On January 6, 1911, Mr. Fels and Mr. Kiefer visited Cleveland as one of the points on their Western tour in the interests of the single tax propaganda. A public meeting was held in the Chamber of Commerce auditorium in the evening. Dr. Cooley presided and Mr. Fels, Dr. Eggleston of Oregon, Newton D. Baker and Mr. Johnson were the speakers. And so it happened that Mr. Johnson's last participation in a public meeting was in behalf of the cause so near his heart. The hall was crowded and here in the very citadel of his old time enemy he received such an ovation as could not but gladden the heart of anyone. As he looked at the cheering crowd before him he said, “This does not look like the old tent, but it sounds like it.” He spoke simply and directly as usual, and eloquently as he always did when the single tax was his theme. His voice was clear and distinct with a fullness of tone that had been absent for a long time. His closest friends might well have been deceived by his apparent strength, and those who knew that this was probably the last time he would make a speech rejoiced exceedingly in the nobility of the sentiments he enunciated that night and in the power manifested in their utterance.
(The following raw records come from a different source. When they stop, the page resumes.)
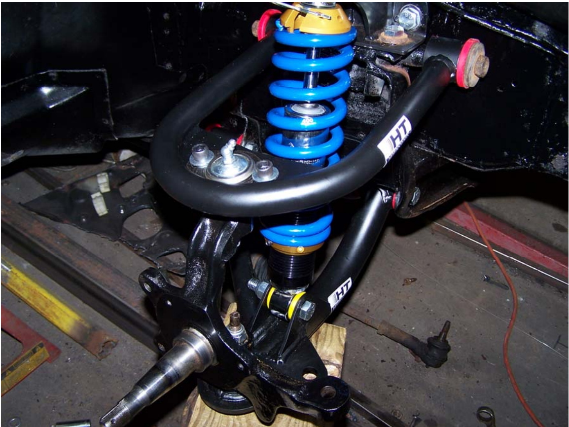
Pic #28 - This picture shows the right front side suspension installed. The HT Motorsports Wide Track Kit is fairly easy to install. Taking off the old a-frames can be tricky. Safety first kids.
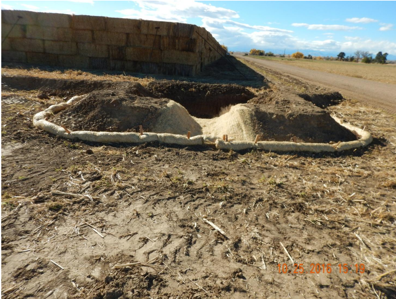
Photo 5. Photo taken from northeast corner of perimeter, facing West. Stabilized sediment trap installed.
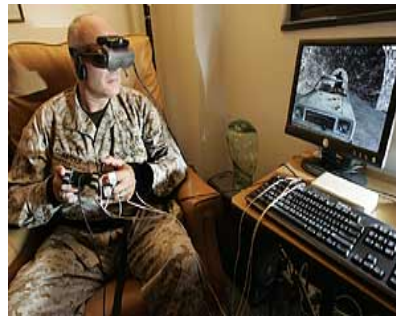
Figures 17, 18. Insurgent “Attack” ~ USA User Tests.
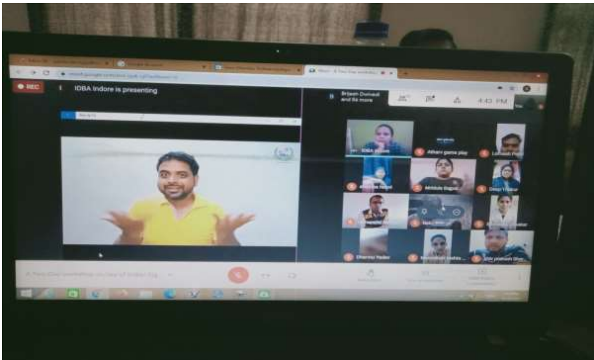
Image of Activities of the Workshop

Head Department of Education Guru Ghasidas Vishwavidyalaya Bilaspur (C.G.)
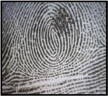
Bridget Sullivan, maid

Fingerprints were taken from all possible suspects. They are shown below:
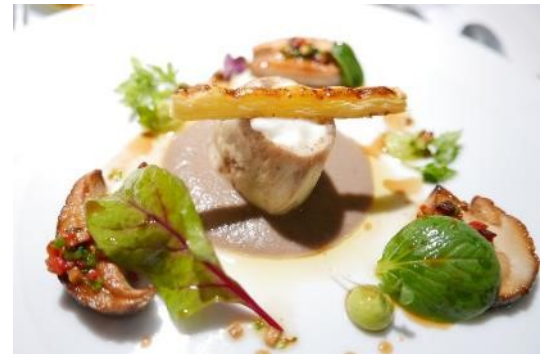
French fine and refined cooking : Restaurants gastronomiques étoilés
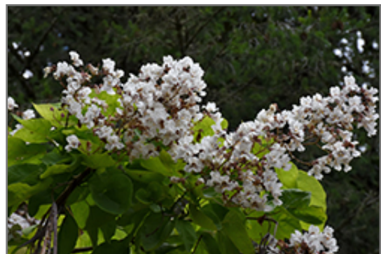
Heartland Catalpa flowers
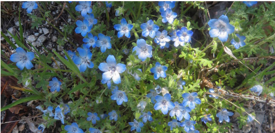
Blue flowers - Baby blue eyes
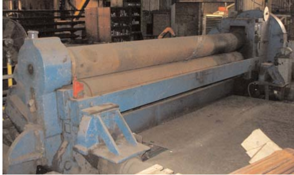
Bertich 5/8" x 14' Bending Roll Set
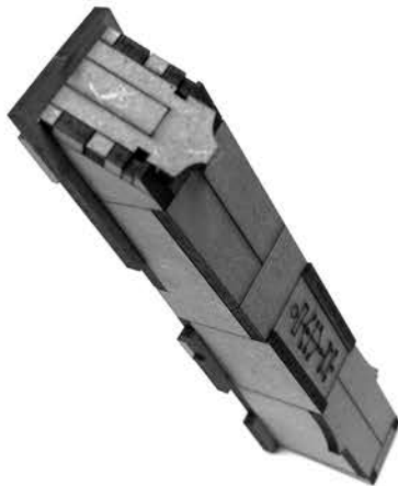
Glue the front a top plates on as shown

On February 6, owing to contagious illness in his own family, Mr. Johnson was ordered by his physician to leave the family apartment in the Knickerbocker until all danger of infection was past. He therefore moved to Whitehall, an apartment hotel on the edge of one of Cleveland's most beautiful parks. He was suffering less at this time,
the peritonitis which was said to be the cause of his pain having evidently subsided. Now, for the first time, he was under the constant care of a physician and the daily visits of his doctor, to whom he became greatly attached, added greatly to his comfort.